- _Dataset excerpts_:
== Segment start ==

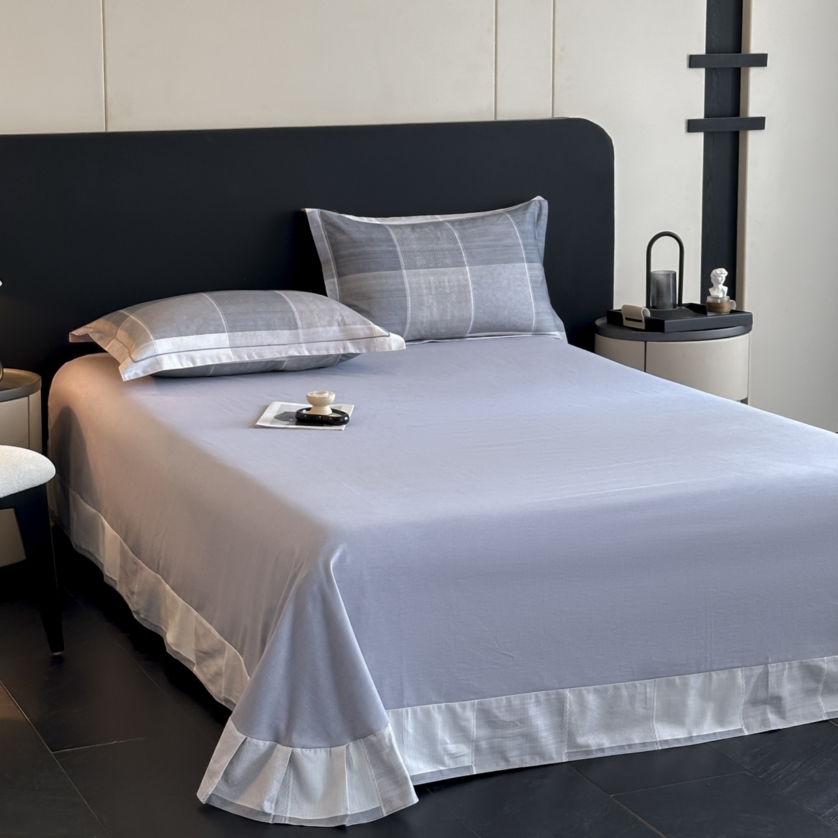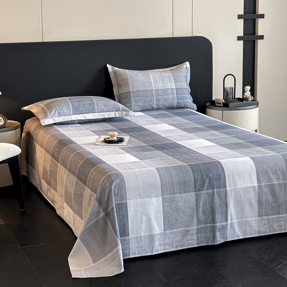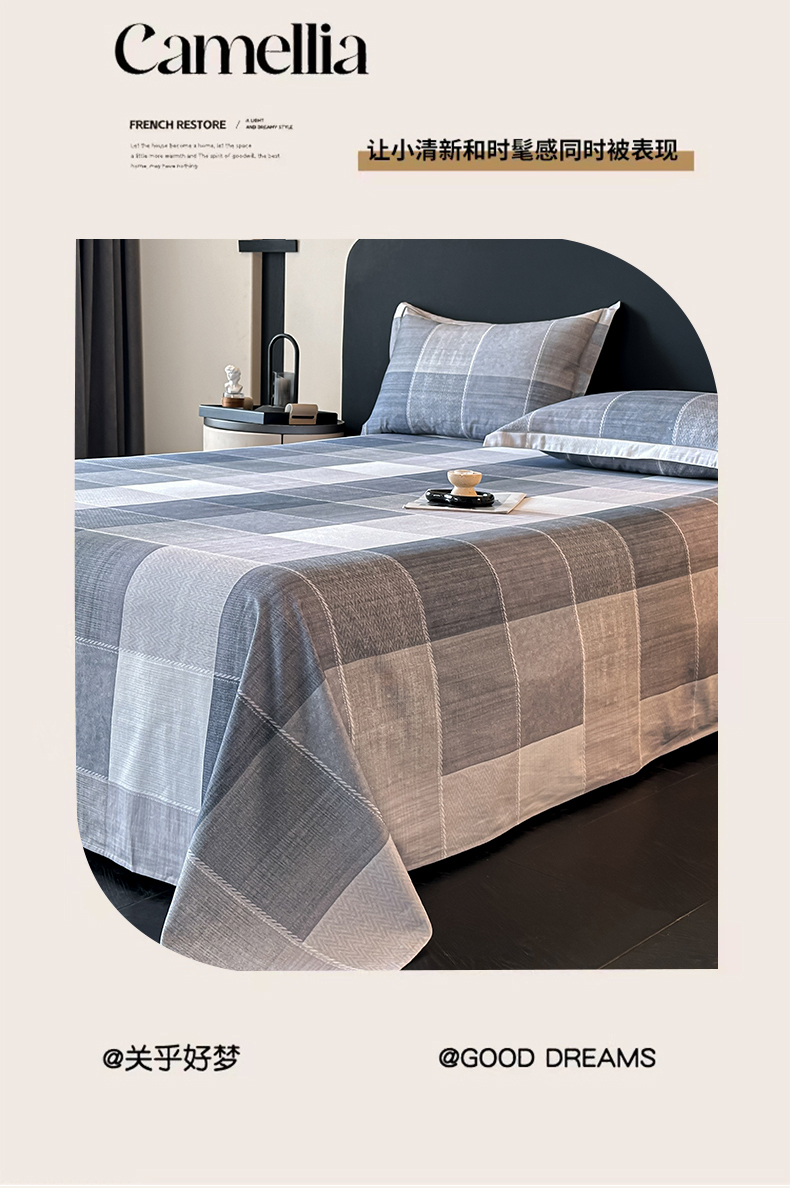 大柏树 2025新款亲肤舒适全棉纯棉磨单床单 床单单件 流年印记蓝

== Segment end ==
== Segment start ==

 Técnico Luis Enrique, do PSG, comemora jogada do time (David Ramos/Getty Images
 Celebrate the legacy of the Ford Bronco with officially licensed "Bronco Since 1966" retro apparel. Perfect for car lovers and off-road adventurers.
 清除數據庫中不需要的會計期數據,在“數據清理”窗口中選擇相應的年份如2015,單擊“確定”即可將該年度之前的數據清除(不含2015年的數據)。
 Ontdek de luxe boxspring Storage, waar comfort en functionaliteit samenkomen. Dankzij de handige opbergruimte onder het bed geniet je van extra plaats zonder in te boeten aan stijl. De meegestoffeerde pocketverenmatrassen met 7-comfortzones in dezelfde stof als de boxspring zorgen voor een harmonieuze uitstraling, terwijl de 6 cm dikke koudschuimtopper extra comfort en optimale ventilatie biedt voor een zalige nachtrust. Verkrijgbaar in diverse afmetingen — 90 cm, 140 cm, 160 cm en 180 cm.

== Segment end ==
== Segment start ==

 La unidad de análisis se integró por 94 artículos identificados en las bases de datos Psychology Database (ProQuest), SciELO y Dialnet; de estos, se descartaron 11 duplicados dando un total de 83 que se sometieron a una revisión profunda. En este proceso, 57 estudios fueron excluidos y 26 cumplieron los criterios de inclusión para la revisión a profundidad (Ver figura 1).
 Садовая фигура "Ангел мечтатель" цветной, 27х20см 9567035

== Segment end ==

- _What you will do_: Please copy, exactly as written, every line in the listing above from the line with "Técnico Luis Enrique, do" up to and including the line with "Ontdek de luxe".

- _Exercise output_:
 Técnico Luis Enrique, do PSG, comemora jogada do time (David Ramos/Getty Images
 Celebrate the legacy of the Ford Bronco with officially licensed "Bronco Since 1966" retro apparel. Perfect for car lovers and off-road adventurers.
 清除數據庫中不需要的會計期數據,在“數據清理”窗口中選擇相應的年份如2015,單擊“確定”即可將該年度之前的數據清除(不含2015年的數據)。
 Ontdek de luxe boxspring Storage, waar comfort en functionaliteit samenkomen. Dankzij de handige opbergruimte onder het bed geniet je van extra plaats zonder in te boeten aan stijl. De meegestoffeerde pocketverenmatrassen met 7-comfortzones in dezelfde stof als de boxspring zorgen voor een harmonieuze uitstraling, terwijl de 6 cm dikke koudschuimtopper extra comfort en optimale ventilatie biedt voor een zalige nachtrust. Verkrijgbaar in diverse afmetingen — 90 cm, 140 cm, 160 cm en 180 cm.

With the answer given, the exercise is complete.